### What the task asks
Transcribe the stretch of entries below from the line with "Romanički kapitel iz Kreševa" through the line with "1993 года рождения.", exactly and with both ends included; leave out all other lines.

[Study material — start]

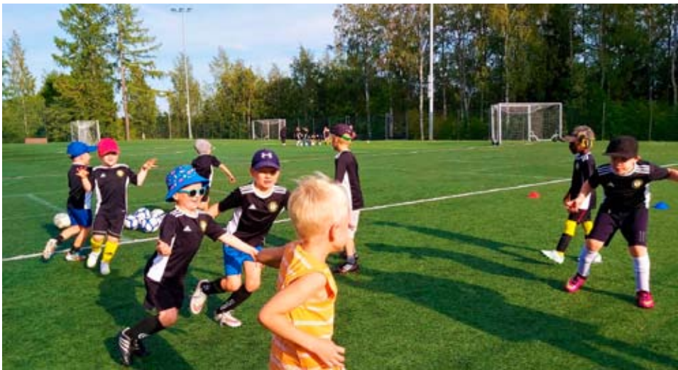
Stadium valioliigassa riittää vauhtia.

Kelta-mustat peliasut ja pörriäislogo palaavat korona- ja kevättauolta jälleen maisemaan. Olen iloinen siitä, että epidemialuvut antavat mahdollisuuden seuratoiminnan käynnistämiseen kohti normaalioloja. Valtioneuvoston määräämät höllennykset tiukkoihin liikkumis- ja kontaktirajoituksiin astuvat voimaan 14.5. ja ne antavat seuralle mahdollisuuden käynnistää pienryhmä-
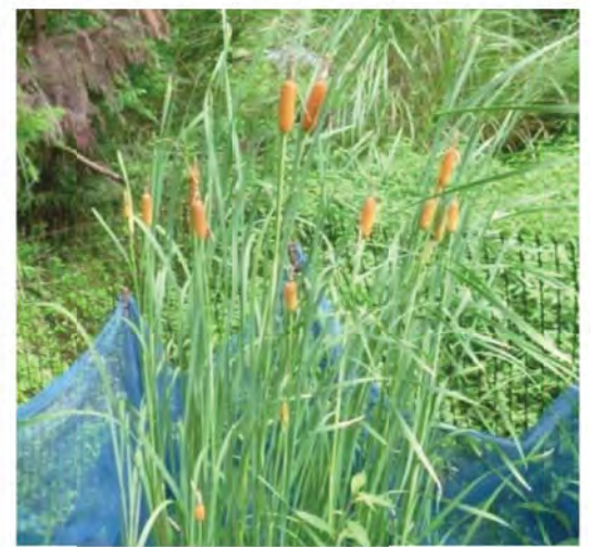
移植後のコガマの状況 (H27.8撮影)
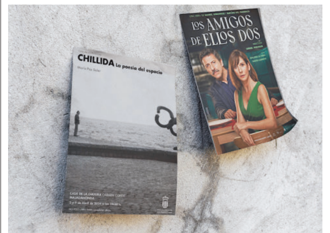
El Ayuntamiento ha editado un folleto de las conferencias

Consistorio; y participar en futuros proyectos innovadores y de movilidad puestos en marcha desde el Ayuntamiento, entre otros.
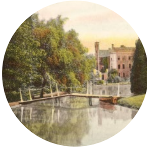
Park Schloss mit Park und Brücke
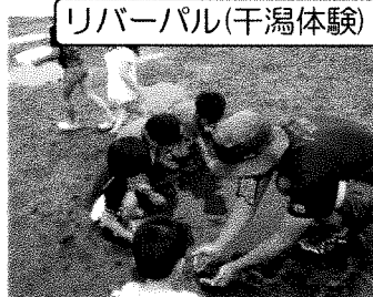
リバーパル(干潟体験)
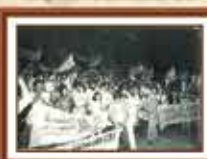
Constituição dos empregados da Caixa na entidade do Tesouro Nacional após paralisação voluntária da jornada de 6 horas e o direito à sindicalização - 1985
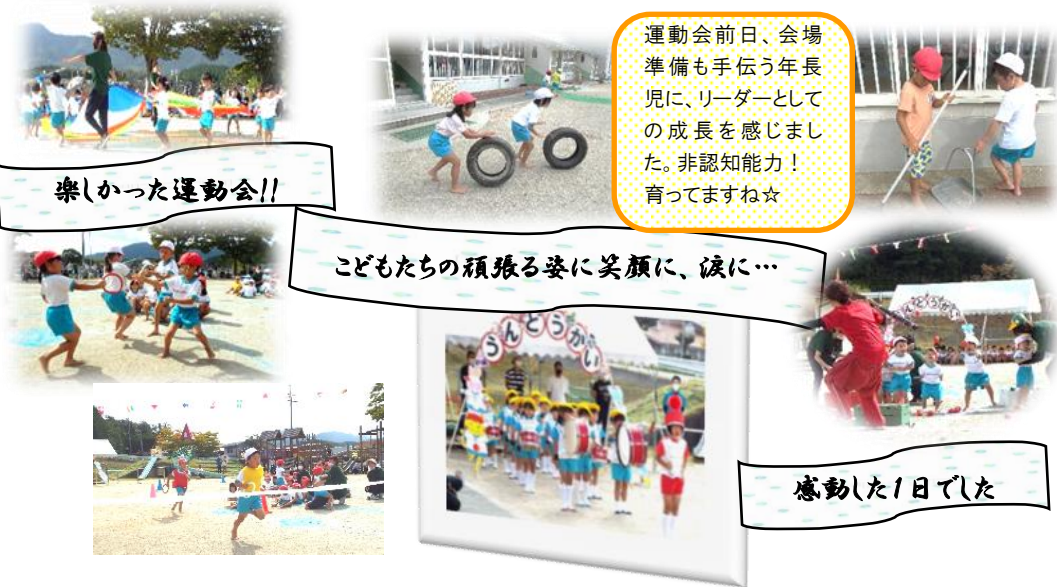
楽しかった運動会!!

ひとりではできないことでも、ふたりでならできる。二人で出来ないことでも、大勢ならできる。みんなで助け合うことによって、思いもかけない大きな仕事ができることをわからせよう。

[Study material — finish]
[Study material — start]

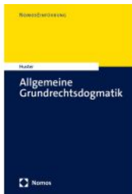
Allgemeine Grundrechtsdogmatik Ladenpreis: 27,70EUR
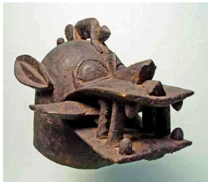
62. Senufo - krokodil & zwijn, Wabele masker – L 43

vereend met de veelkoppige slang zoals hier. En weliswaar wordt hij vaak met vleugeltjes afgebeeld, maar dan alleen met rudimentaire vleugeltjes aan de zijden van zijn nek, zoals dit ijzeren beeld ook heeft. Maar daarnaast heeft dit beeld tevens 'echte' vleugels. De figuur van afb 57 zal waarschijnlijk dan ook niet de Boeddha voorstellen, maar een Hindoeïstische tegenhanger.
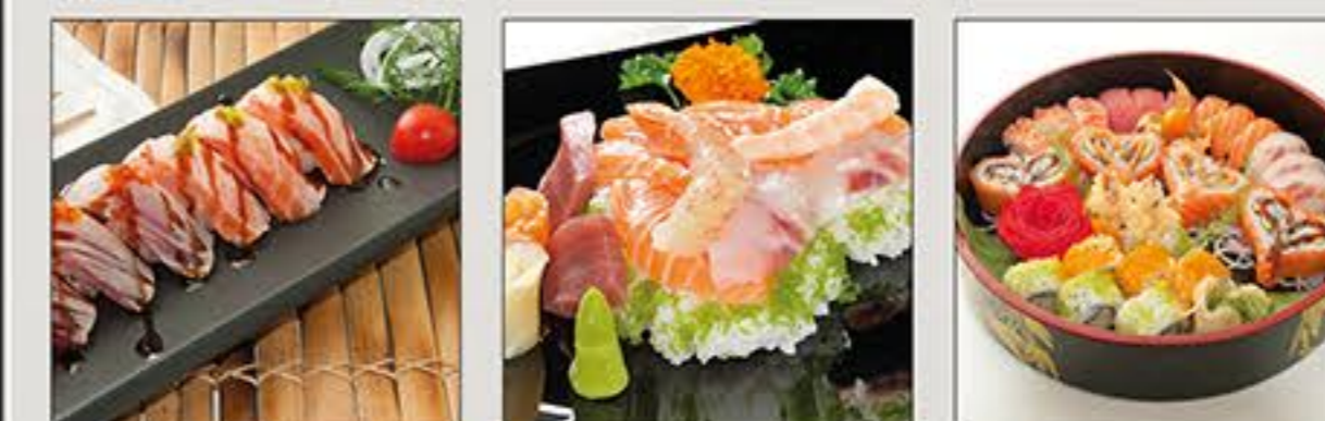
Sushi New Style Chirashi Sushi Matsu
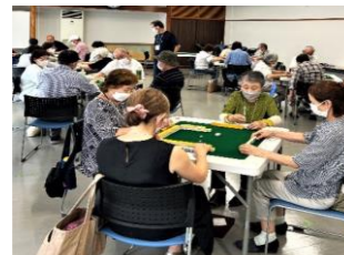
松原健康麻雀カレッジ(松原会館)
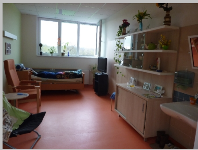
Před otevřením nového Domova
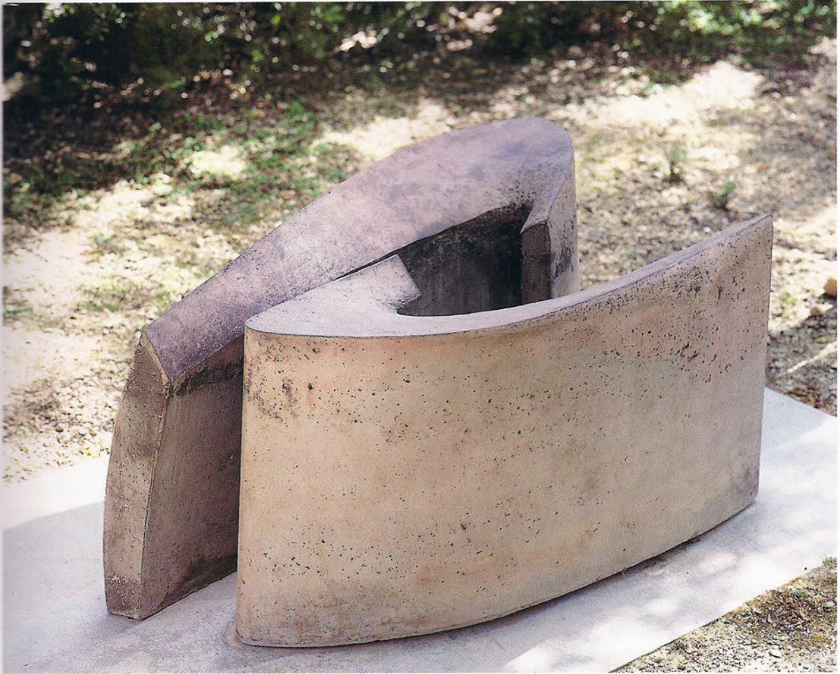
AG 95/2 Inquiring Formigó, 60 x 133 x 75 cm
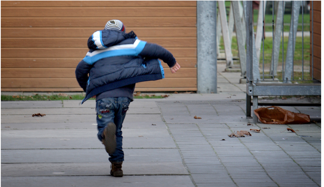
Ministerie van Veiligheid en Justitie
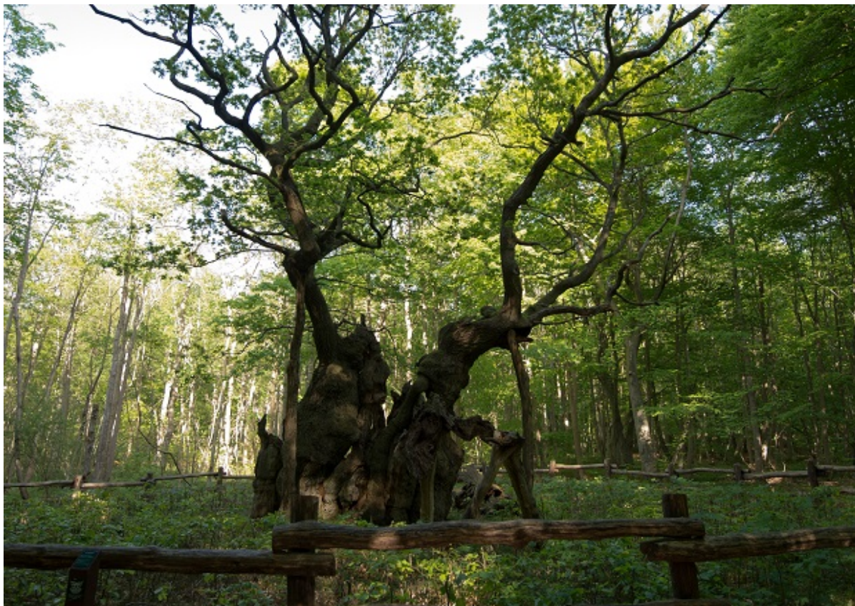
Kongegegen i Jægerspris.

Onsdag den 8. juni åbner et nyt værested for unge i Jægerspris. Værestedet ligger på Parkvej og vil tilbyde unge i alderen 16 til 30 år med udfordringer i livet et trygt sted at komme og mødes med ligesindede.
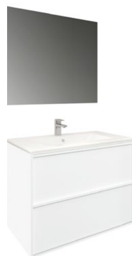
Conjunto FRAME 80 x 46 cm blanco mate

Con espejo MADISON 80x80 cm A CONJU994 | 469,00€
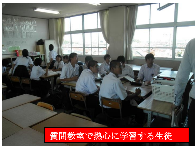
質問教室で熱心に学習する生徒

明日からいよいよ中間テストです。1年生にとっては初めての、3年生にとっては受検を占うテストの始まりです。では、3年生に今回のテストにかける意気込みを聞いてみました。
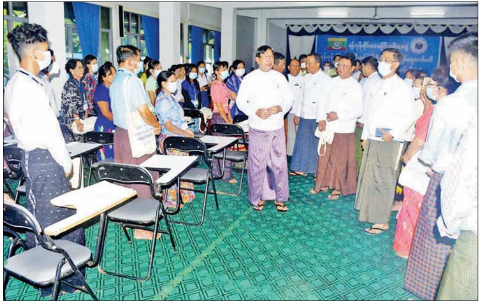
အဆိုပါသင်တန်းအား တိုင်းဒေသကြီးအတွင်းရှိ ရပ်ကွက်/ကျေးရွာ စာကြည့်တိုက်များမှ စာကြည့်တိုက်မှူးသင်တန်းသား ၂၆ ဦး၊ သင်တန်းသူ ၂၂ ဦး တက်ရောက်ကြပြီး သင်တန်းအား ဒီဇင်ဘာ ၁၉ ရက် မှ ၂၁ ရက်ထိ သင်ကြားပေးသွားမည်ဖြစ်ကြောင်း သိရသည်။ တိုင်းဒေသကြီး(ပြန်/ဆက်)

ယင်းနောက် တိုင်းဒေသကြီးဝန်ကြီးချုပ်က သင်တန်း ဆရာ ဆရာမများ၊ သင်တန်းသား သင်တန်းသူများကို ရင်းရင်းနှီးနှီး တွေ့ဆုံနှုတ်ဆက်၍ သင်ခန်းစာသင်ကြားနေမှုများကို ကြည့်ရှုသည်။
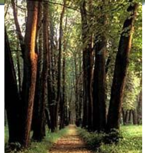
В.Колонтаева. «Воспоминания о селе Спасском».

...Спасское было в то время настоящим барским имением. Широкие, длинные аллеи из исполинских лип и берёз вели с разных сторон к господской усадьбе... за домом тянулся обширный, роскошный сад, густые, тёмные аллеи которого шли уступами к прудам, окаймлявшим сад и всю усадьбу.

[Study material — finish]
[Study material — start]

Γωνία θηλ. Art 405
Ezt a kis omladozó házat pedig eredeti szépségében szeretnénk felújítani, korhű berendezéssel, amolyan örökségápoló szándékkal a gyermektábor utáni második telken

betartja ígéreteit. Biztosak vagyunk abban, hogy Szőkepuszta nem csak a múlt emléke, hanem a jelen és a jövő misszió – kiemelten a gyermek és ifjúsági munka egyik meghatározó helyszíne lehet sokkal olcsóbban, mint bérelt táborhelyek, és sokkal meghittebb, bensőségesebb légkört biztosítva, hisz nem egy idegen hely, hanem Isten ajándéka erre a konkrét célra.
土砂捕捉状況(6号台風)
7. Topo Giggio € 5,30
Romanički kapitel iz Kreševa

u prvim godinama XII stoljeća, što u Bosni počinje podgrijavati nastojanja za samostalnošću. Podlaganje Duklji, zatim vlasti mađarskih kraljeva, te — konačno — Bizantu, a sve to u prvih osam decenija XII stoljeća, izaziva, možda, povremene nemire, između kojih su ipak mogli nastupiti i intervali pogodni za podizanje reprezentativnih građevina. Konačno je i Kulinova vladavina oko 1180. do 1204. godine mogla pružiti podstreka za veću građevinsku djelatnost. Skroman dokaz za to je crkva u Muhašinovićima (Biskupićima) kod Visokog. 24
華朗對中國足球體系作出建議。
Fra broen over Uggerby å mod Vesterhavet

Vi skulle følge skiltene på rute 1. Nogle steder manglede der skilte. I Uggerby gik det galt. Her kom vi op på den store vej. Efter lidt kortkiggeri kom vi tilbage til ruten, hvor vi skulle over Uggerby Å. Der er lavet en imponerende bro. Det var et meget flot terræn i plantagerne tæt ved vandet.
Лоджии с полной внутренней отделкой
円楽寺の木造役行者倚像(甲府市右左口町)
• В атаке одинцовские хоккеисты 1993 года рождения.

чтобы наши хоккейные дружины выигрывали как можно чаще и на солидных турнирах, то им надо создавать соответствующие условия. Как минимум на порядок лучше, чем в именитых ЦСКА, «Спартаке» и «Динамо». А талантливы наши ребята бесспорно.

[Study material — finish]

### Exercise output
Romanički kapitel iz Kreševa

u prvim godinama XII stoljeća, što u Bosni počinje podgrijavati nastojanja za samostalnošću. Podlaganje Duklji, zatim vlasti mađarskih kraljeva, te — konačno — Bizantu, a sve to u prvih osam decenija XII stoljeća, izaziva, možda, povremene nemire, između kojih su ipak mogli nastupiti i intervali pogodni za podizanje reprezentativnih građevina. Konačno je i Kulinova vladavina oko 1180. do 1204. godine mogla pružiti podstreka za veću građevinsku djelatnost. Skroman dokaz za to je crkva u Muhašinovićima (Biskupićima) kod Visokog. 24
華朗對中國足球體系作出建議。
Fra broen over Uggerby å mod Vesterhavet

Vi skulle følge skiltene på rute 1. Nogle steder manglede der skilte. I Uggerby gik det galt. Her kom vi op på den store vej. Efter lidt kortkiggeri kom vi tilbage til ruten, hvor vi skulle over Uggerby Å. Der er lavet en imponerende bro. Det var et meget flot terræn i plantagerne tæt ved vandet.
Лоджии с полной внутренней отделкой
円楽寺の木造役行者倚像(甲府市右左口町)
• В атаке одинцовские хоккеисты 1993 года рождения.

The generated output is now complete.